The recording was made a little more… stressful by the fact that I had to move from my shack to a new house. But it was also made more joyful, because I found the perfect house the week before I started recording. So change comes in its absolute suit, raking away all that was in one swoop. It has often been that way for me, from those days as a baby when we would suddenly move away to somewhere new, to the accident, and the subsequent moving, and the lovers and events that seemed to always wipe the slate clean when they came, and when they left.
I think some of these thought have drifted into the text of this work, one in particular comes to mind that was, is an improvisation I made this fall, oddly inspired by girl groups of the 60s and British blues, through my own unique, uh scope, I guess, came sounded like I don’t know what. But I like it. Right now it’s called “You Better Be Careful.” Yayuh.
Yesterday the last of our visitors came, a lovely delicate lady named Rachael who knew all my references, and my work, and it was really a delight to speak with someone (else) I had inspired. I mean, I feel okay to accept the energy of having inspired, taught, helped, guided, mapped, tickled, mused. Entertained even, and all that it might mean.
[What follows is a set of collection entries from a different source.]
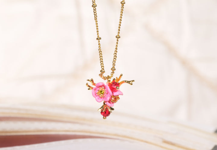 Collier pendentif quartz rose et composition florale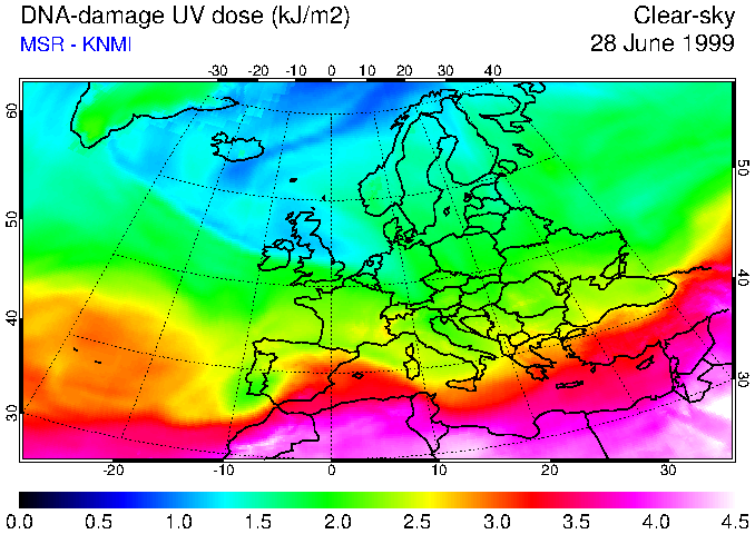 DNA-damage UV dose of 28 June 1999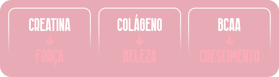 Nossa fórmula foi estudada justamente para potencializar os seus resultados, por isso unimos esses 3 suplementos tão essenciais para quem está buscando evoluir nos treinos e na dieta.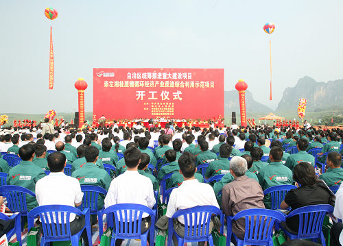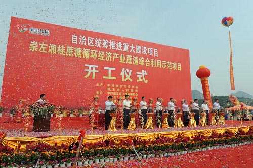 圖為湘桂集團(tuán)年產(chǎn)9.5萬噸蔗渣綜合利用示范項(xiàng)目開工儀式現(xiàn)場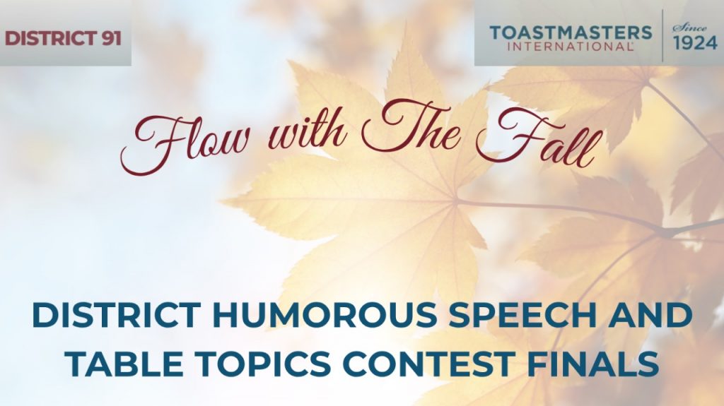 Celebrate the best of District 91 as our finalists take the stage in the Humorous Speech Contest and Table Topics Contest Finals.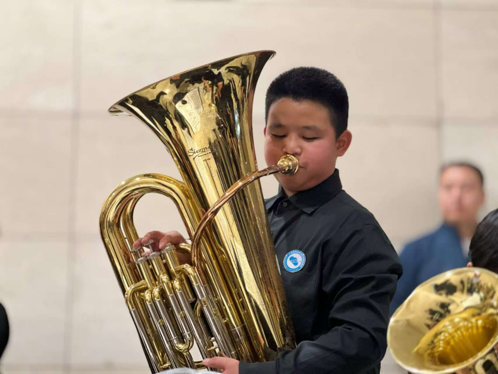 区智燊与音乐的缘分始于幼年,而与大号这位“笨重伙伴”的深度结缘,则是在他8岁就读于广州市白云区方圆实验小学二年级时。选择大号,对于当时个子还不算高的他而言,无疑是一个充满挑战的决定。然而,正是这份与众不同的热爱,让他坚持了下来。多年来,无论是校内的日常管乐团训练,还是校外的专业提升,他都未曾松懈。每日坚持练习,寒暑假积极参加管乐集训营,甚至远赴北京、上海、成都等地参与校际交流与大师课程,这一切都为他扎实的演奏功底和开阔的艺术视野奠定了坚实基础。

Whatever the source of our jesters and our troubadours, they are as important to use as our millers and tinkers. And it’s funny, when I say troubadours I know exactly who they are and the line of kinds of people I descend from. They were always travelers, outsiders, always on tour, doing shows because they loved to, and because it was a better life, for them, than staying at home. So I guess we go on tour in that same tradition. I mean, it could just as easily be that people travel to the town where the musician is to hear their work. Like we do with festivals, lots of exchange of culture, on a level that governments cannot monitor. Joyful and sometimes life changing. Like…Woodstock.
The visitors, one man and three women, brought so much kindness and love with them that I am steady on my feet now. The last one was so… accomplished in her comprehension of the… details of my work and references that I began to… wonder what she was thinking about what she heard. That is the one thing that I do not want to have happen, and that can certainly happen if anyone is in the room that is not working at a task. Even the producer, when he says “that sound great” alters what I am doing. I’ve tried to mention to him please don’t tell me it sounds great but he doesn’t seem to hear. I know he is thinking “I want her to go down this path she’s on” but I WILL go down that path. I can FEEL that its a good path. But once it is made aware of the listener, it’s like watching yourself in the mirror. “I feel pretty, hmm, let’s go see if I am.” Better just to feel pretty. But I am weathering these small details, saying to myself “just do the job girl.”
The guest knew my Blue Nile and Cocteau Twin references, she understood the bass and the sound of the high hat and in fact when we played “Tinsel Town in the Rain.” She stood at the same time as I and started playing the lick.
It was kinda like seeing me. I only mention her more than the others today because there was also something fragile in her at first, she was almost overwhelmed meeting me, and I know it took a lot of courage for her to fullfill her wish to come and say hello. So, good job R, and I hope you make it to one of those 45 parties!
Our first guest, Joe S from Indiana, he has posted, on Facebook, some of his photographs of the session he sat in on. The women the day before were both very lovely and accomplished women, and I had asked for them to come on the same day, and they did. That helped me because having guests every day is distracting, I cannot help but feel like I must spend some time with them. I was imagining they could just see me walk by like Van Morrison or something, going from here to there, and I would not feel obliged to commune. But I know in my heart I have as much to gain from these interactions as anyone, and you know, the ‘don’t touch me’ thing never took me anywhere I wanted to go. On the other hand, I am unprotect in so many ways. On the other foot, then I so far attract folks who sense these and are very, very, kind.
Yesterday we mostly finished the hard parts of a complex song called “Feet on the Ground.” One thing I must say for John Porter, one of the many, is that just when I think it’s not gonna happen, he brings it home. Maybe he feels the same way. I was able to get the vocal I wanted late in the day. I do notice that I have become shy of my voice, and hopefully I’ll get the sound perfect in those headphones right about the time we are set to quit working.
The tracks are recorded now. Except for my tiny ballad “Juliette,” which I believe I have the French/English lyric finished, and it is of course for and about my dog. But hopefully when it’s done it will be able to be about anyone. Anything. Just a black and white picture with shades of eggplant and terrible beautiful wind. I sing these things at night and then hope in the morning I remember.
The new house is wonderful, I am so grateful to the universe for pushing me out and into a home of my own. I hope I get to stay awhile. I really like the light.